The report noted students could reduce the negative effects by limiting the use of light-emitting devices at night, including phones and computer monitors, or using only devices that don’t put out light.

Tuesday, February 3, 2015

More Innovative Learning Needed

While colleges and universities are good at creating outside opportunities for their students to learn—such as study-abroad programs, internships, and service learning—the core learning experience remains centered on courses taught in classrooms on campus.

“Many of our students are too bright and too entrepreneurial to be the recipients of the kind of education acquired in traditional lecture halls, laboratories, or even seminar rooms,” Steven Mintz, executive director of the Institute for Transformational Learning, University of Texas System, wrote in an Inside Higher Education column.

Mintz said a solution would be to organize undergraduate education into project-based learning experiences. For instance, the University of Texas at Dallas is merging computer science and engineering with creative arts and the humanities for a program that teaches technical skills while trying to provide an understanding of the impact that technology has on communications, culture, and commerce.

“They merge the innovation process of artists, scientists, and engineers and explore experimental models through new technologies,” Mintz noted. “Departments are transformed into innovation labs and students into innovators.”

Monday, February 2, 2015

Digital Learning Software Studied

A recent study looked at 137 online and hybrid courses to determine what parts of the learning software helped students the most. The research was commissioned by the Bill & Melinda Gates Foundation Postsecondary Success initiative.

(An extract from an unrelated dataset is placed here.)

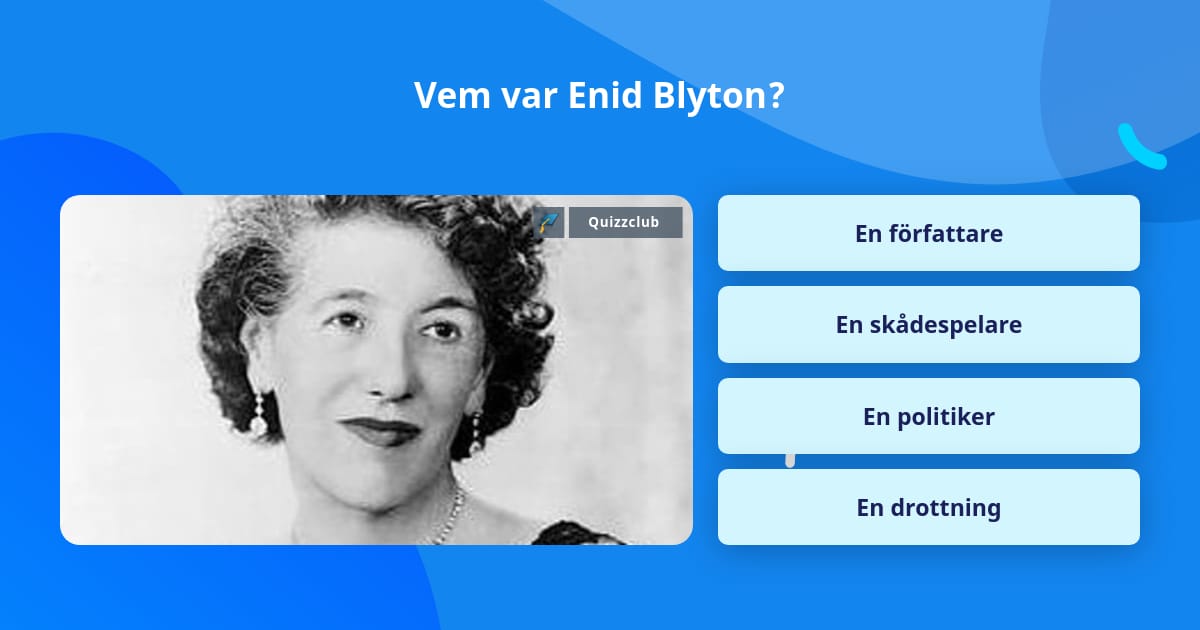 Blyton som skrev. Vilka är namnen på böcker skrivna av enid blyton? / davidchita.com Enid blyton skrev alla böcker mellan 1941-1963i beställa av deras publiceringsår är de-Fem på en Skattkammarön (1942)Fem gå äventyr igen (1943)Fem Run Away tillsammans (1944)Fem gå till Smuggler's Top (1945)Fem gå ut i en husvagn (1946)Fem på Kirrin Vem skrev enid blyton böcker? Enid BlytonEnid Blyton såklart! EOF boklyckan.blogspot.com › 2012 › 07Boklyckan: Enid Blyton Enid Blyton var en mycket produktiv författare. Hon skrev över 600 böcker med ungdoms- och barnberättelser, läroböcker, kristna berättelser, poesi med mera. 1927-1959 skrev hon hela innehållet för tre olika tidningar, totalt 964 nummer. När hon var som mest produktiv kunde hon skriva 10 000 ord per dag, det vill säga en hel bok på fem dagar. Enid Blyton bøger | Bøger skrevet af Enid Blyton Den britiske børnebogsforfatter Enid Blyton (1897-1968) har udgivet mere end 600 titler og er oversat til mere end 100 sprog. Blandt udgivelserne tæller børne- og ungdomsbøger, noveller, digtsamlinger, lærebøger og skuespil.

Researchers found that math courses and those that featured problem-solving produced the most positive learning effects. Individualized pacing received high marks from the study, while the learning impact from digital courseware was greater in community colleges than for four-year institutions.

The report recommended colleges and universities should invest in high-quality courseware for lower-division courses and that these innovations should be phased in. Institutions should also use third-party evaluators to get an objective look at the data on how well the courseware works.

“Our goals were to determine courseware features associated with greater learning effectiveness and to provide guidance for funders as they look to make learning technology investments in the future,” said Barbara Means, director of the Center for Technology in Learning, SRI Education.